# No more ACSI card confusion . . . probably!!



## Zebedee (Oct 3, 2007)

My _"ACSI Club ID Camping Carnet"_ card came this morning - to give it it's full name.

Along the right hand edge is a black strip with the words, *"No CC discount with this ID pass"* It is made of hard plastic like a normal credit card.

The _"Camping Card ACSI"_ (to be found in the cover of Book 2) has a yellow strip along the right hand edge with the words, *"DISCOUNT CARD". *It is made of flimsy cardboard.

The two cards are clearly very different. With only average good fortune we should get no more tortuous threads where some members fail to comprehend the difference between the two cards. _(It almost got to fisticuffs at one point a few months ago!! :roll: )_

It seems apparent that there has been widespread confusion, which Messrs ACSI have addressed with the clearer labelling.

Hope it works, and that this is helpful.

Dave


----------



## Glandwr (Jun 12, 2006)

Out of interest Dave is the ID card dated?

Dick


----------



## Zebedee (Oct 3, 2007)

Yes Dick.

It has an expiry date of 12/2015.

That would not normally worry me too much, since no campsite has ever bothered about our previous one being out of date (12/2012)
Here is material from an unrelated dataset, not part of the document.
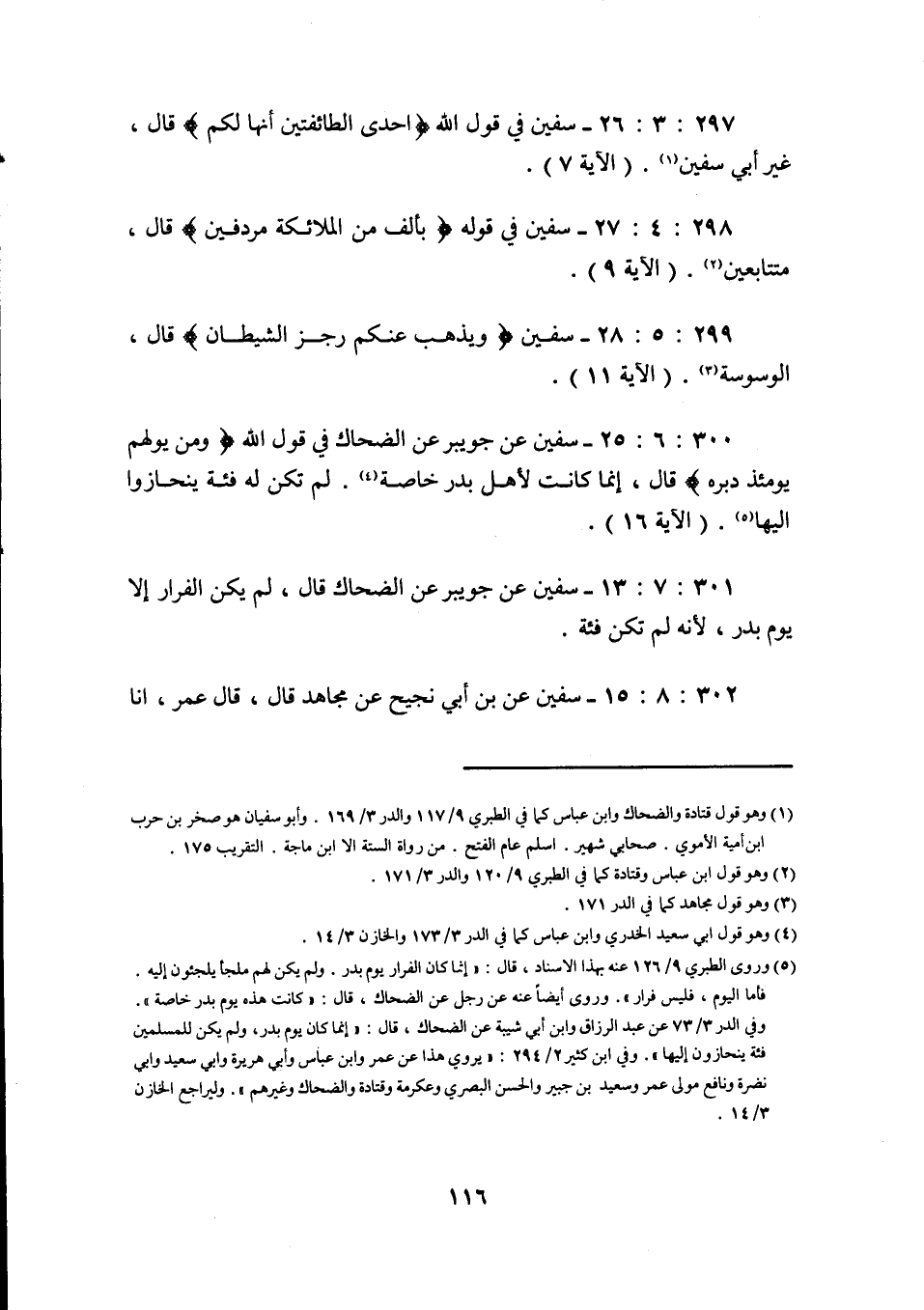 298: 4: 27 سُفْيَانَ فِي قَوْلِهِ بِأَلْفٍ مِنَ الملائكة مردفين قال متتابعين (الآية 9) .

Two main reasons for having one. Our surname is difficult (_even for the English_) so it's far easier to pass the card over in any situation where it needs to be spelled out.
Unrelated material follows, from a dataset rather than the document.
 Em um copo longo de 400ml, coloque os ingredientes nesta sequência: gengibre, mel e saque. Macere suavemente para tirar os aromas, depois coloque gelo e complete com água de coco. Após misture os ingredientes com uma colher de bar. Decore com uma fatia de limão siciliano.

Secondly, I have renewed my passport since the 2012 card so the number has changed. I thought it was worth the fee (_only about four quid_) to avoid the possibility of some difficult explanations in a foreign language.
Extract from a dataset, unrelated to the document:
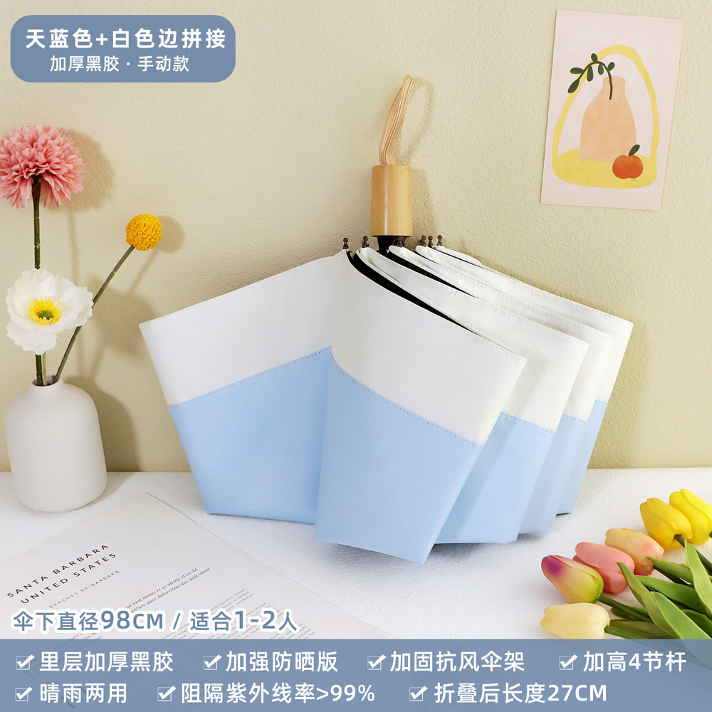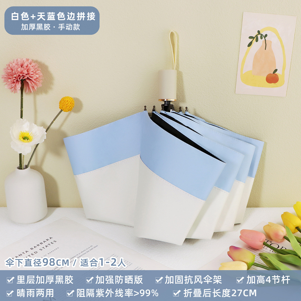 • 스카이 블루 화이트 에지 스플라이스 두꺼운 블랙 고무 강화 수동 강화 태양 보호-햇빛과 비를위한 이중 사용

I've found the card quite useful in many situations where my passport was in the safe. It's a lot easier to fish the ACSI ID card out of my wallet than grovel about getting the passport out of the safe, and putting it back afterwards.

Dave


----------



## Glandwr (Jun 12, 2006)

Knowing that my identity would be extinguished shortly after Christmas, would give me a slightly uneasy year Dave :lol: 

Dick


----------



## listerdiesel (Aug 3, 2012)

We found that the ACSI card was very acceptable at all the places we went this year in France and Holland, no questions at all, just produce the card and job done.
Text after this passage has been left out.